Difícilmente se podrá negar, de otra parte; que las familias acomodadas, al no tener ahora que pagar de su bolsillo los gastos de la enseñanza básica (reglada) que antes sí sufragaban, dispondrán de un mayor excedente económico a efectos de la educación de sus hijos y, en consecuencia, podrán permitirse dispendios superiores en todo tipo de gastos educativos «extra» (profesores particulares, idiomas ... ) Y en cuanto quepa hablar de una correlación positiva entre nivel de gastos en educación (o resultados académicos) y ventajas ocupacionales en el futuro, un sistema de financiación así contribuiría directamente a potenciar aún más el proceso «natural» de transmisión de status de una generación a la siguiente, incrementando las diferencias entre las clases sociales.
Gastos y renta alta
Todo lo anterior no pretende objetar esos mayores gastos en educación que suelen ir asociados a rentas altas, lo que sería casi como poner puertas al campo. Pero sí aspira a sugerir, habida cuenta de las considerables diferencias existentes en la renta y la riqueza de las familias españolas, que tampoco hay por qué echar más leña al fuego y que en el caso de implantación de un sistema de bonos, se debería pensar en un esquema distinto, que graduase las ayudas a la gratuidad en razón inversa al nivel de renta, como por otra parte han preconizado algunas otras propuestas de bonos para educación, alternativas o complementarias de la de M. Friedman.

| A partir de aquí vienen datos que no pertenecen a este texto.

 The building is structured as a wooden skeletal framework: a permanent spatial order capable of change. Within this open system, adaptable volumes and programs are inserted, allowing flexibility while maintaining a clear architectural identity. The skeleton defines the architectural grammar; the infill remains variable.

Es interesante, a este propósito, reparar en que el proyecto, por otra parte, no niega la posibilidad de colegios de pago al modo tradicional, coexistiendo con los acogidos a las ayudas a la gratuidad. Y ello, presumiblemente, porque interpreta que el proyecto de constitución no impone la gratuidad en todos los casos. Por lo mismo, no se comprende a qué viene tanta prisa en hacer la gratuidad extensiva a quienes pueden pagar el colegio de su elección. Parece más congruente interpretar que a lo que debe venir obligado el Estado, por el momento, es a la prestación para todo el que quiera del servicio educativo. Y para eso dispone de las escuelas públicas. El argumento, a veces utilizado, de que eso llevaría a la desaparición de los centros privados no es convincente: por un lado, los estratos sociales de mayor renta podrían seguir asistiendo a colegios privados si así lo desean; por otro lado, no hay que descartar que algunas familias poco adineradas prefirieran, por motivos ideológicos o de otra suerte, esos centros, aun a costa de sacrificios.